Adaptation to global warming takes on a whole new urgency and priority now. There are two time frames that need to be kept in mind. In the time available, the economic, social and behavioural transitions required to avoid 3oC warming are simply unachievable. Of course governments should do all in their power to continue reducing emissions, but it won’t be enough. However, the reforms that will deliver resilience, security and harm minimisation don’t have an end date, a deadline. They will be ongoing and not just for decades but probably centuries. Which leads to the third issue of how governments should respond.

The Emissions Gap Report 2020 notes “Reducing emissions through lifestyle changes requires changing both broader systemic conditions and individual actions”. Johanna Nalau of the National Climate Change Adaptation Facility has stressed that “adaptation is going to have to occur no matter what, given the massive changes already locked in to the climate system” and that “adaptation should be at the core of [government] policies”. She points out that Australia is required to produce a national adaptation strategy under the Paris Agreement.

It is difficult to understand why, in the face of the evidence of a growing and very serious threat to the health, well-being, welfare and security of their citizens, Australian governments don’t recognise the urgent need to address adaptation at integrated national, regional and local levels, and systematically.

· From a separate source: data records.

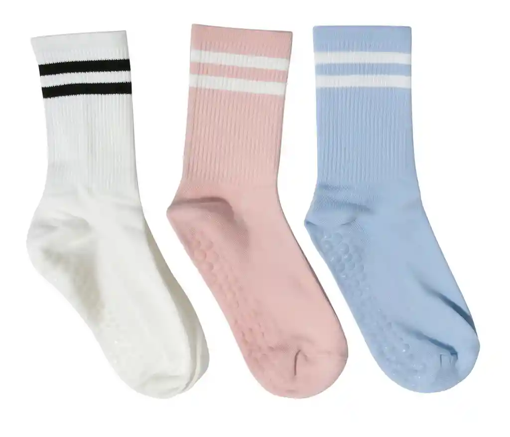 Medias deportivas x 3 pares, talla única, color: rosado claro, blanco y azul claro, con antideslizante.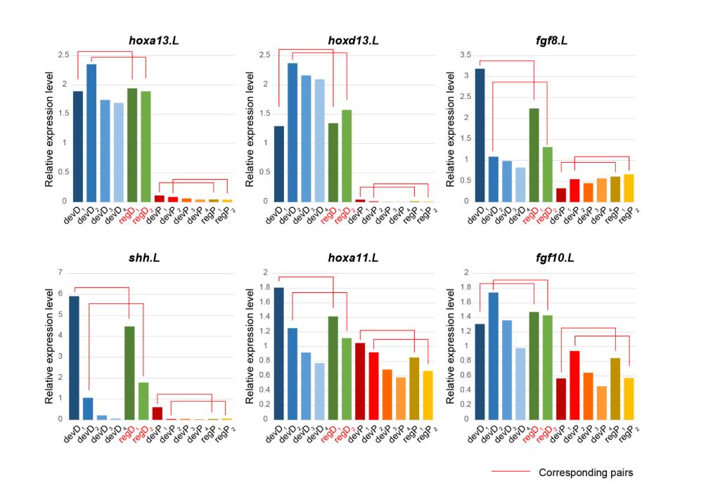 hoxc12/c13 as key regulators for rebooting the developmental program in Xenopus limb regeneration.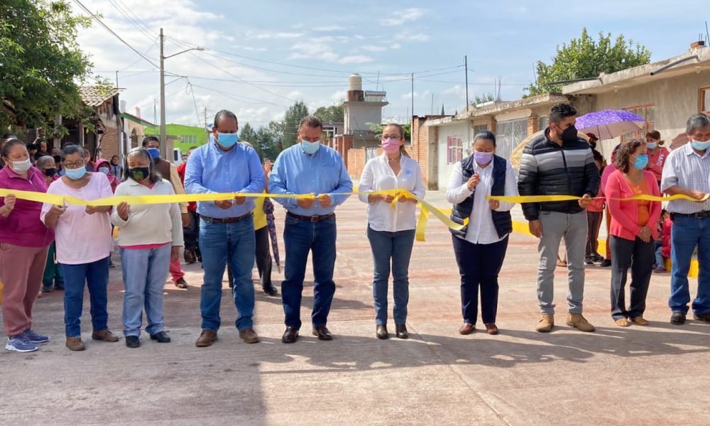 Así mismo, entregó la construcción de pavimento a base de concreto hidráulico en la calle Rosales, en la tenencia de Uripitio, generando con ello 20 empleos.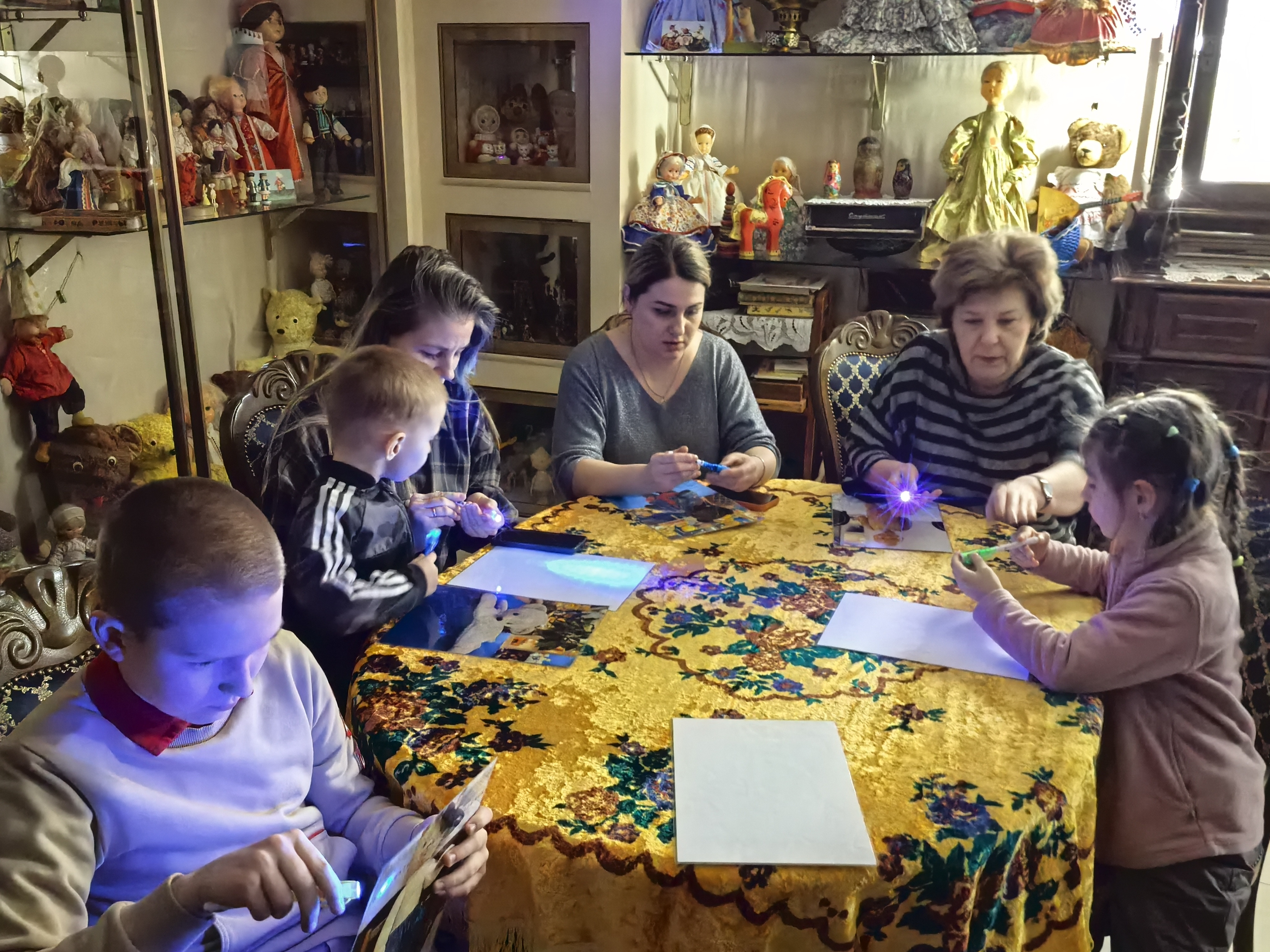 Особенно поразило ребятишек интерактивное задание: по фотографии найти ту или иную игрушку в темноте при помощи фонарика. Настоящий квест по миру фантазии и воображения! Но главное чудо ждало впереди: рассказ каждого экспоната своей собственной истории - оказалось, что каждая игрушка хранит уникальную тайну!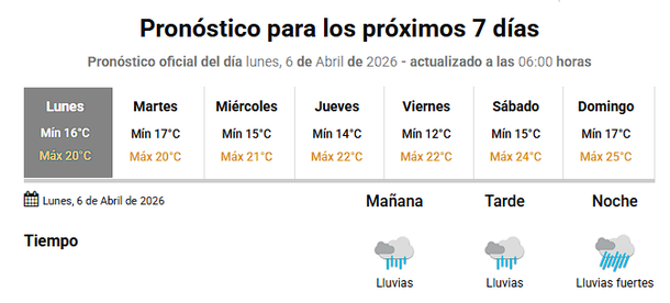 A partir del miércoles, el tiempo comenzará a estabilizarse de manera gradual. Si bien el cielo seguirá mayormente nublado, las chances de lluvia serán bajas y las temperaturas se mantendrán en valores similares, con mínimas cercanas a los 15° y máximas de 21°.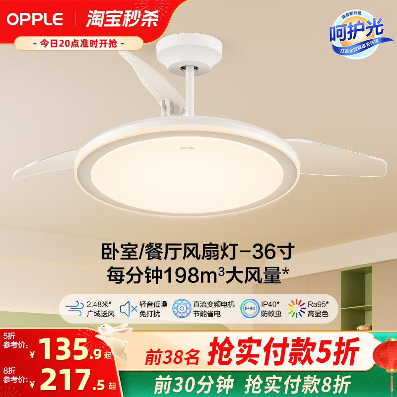 OPPLE欧普风扇灯隐形扇客厅餐厅卧室家用简约风扇吊灯现代电扇BY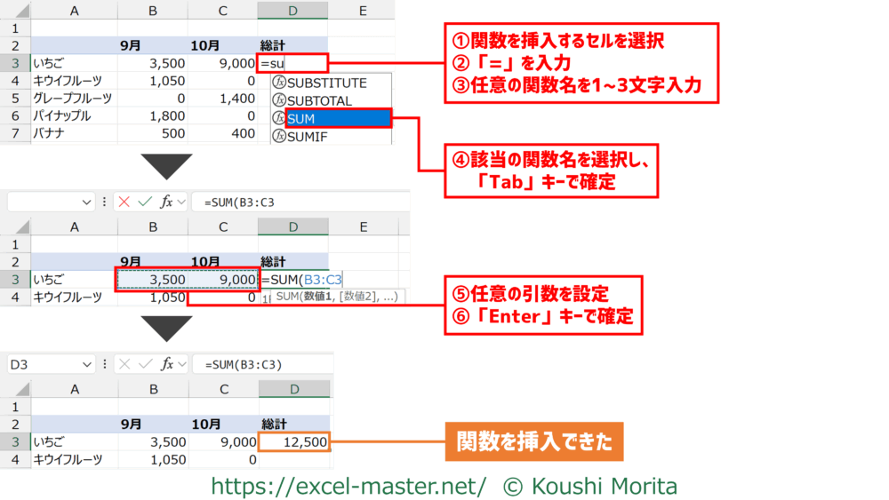 関数を実務へ活用していくために押さえてほしいことは何点かありますが、最初は関数の数式を手早く挿入することです。

Climate policy and action in Australia is shared between two agencies, the Department of Agriculture, Water and Environment and the Department Industry, Science, Energy, and Resources. Their websites and publications reveal little realisation of or commitment to the need for systemic adaptation. The government should, as a first step, centralise climate policy and programme design in the one agency. This is because it is essential to bring together in one agency the expertise and knowledge required for the massive task of adapting to a 3oC future.

Perhaps more fundamental is the need for governments to accept that they will have to intervene deeply in the economy, including in agriculture, urban settlement, water, energy, and conservation to lead, direct, facilitate, legislate, regulate, fund and support the many changes required. The nature of free-market capitalism, and the ever present demands of the profit and shareholder dividend cycle, means that without clear planning and firm direction the private sector will not respond quickly or effectively enough to adaptation.

It seems governments have been relying on hope for decades; the hope that someone else will fix the problem. The history of climate policy is a catalogue of missed opportunities. Now action cannot be avoided.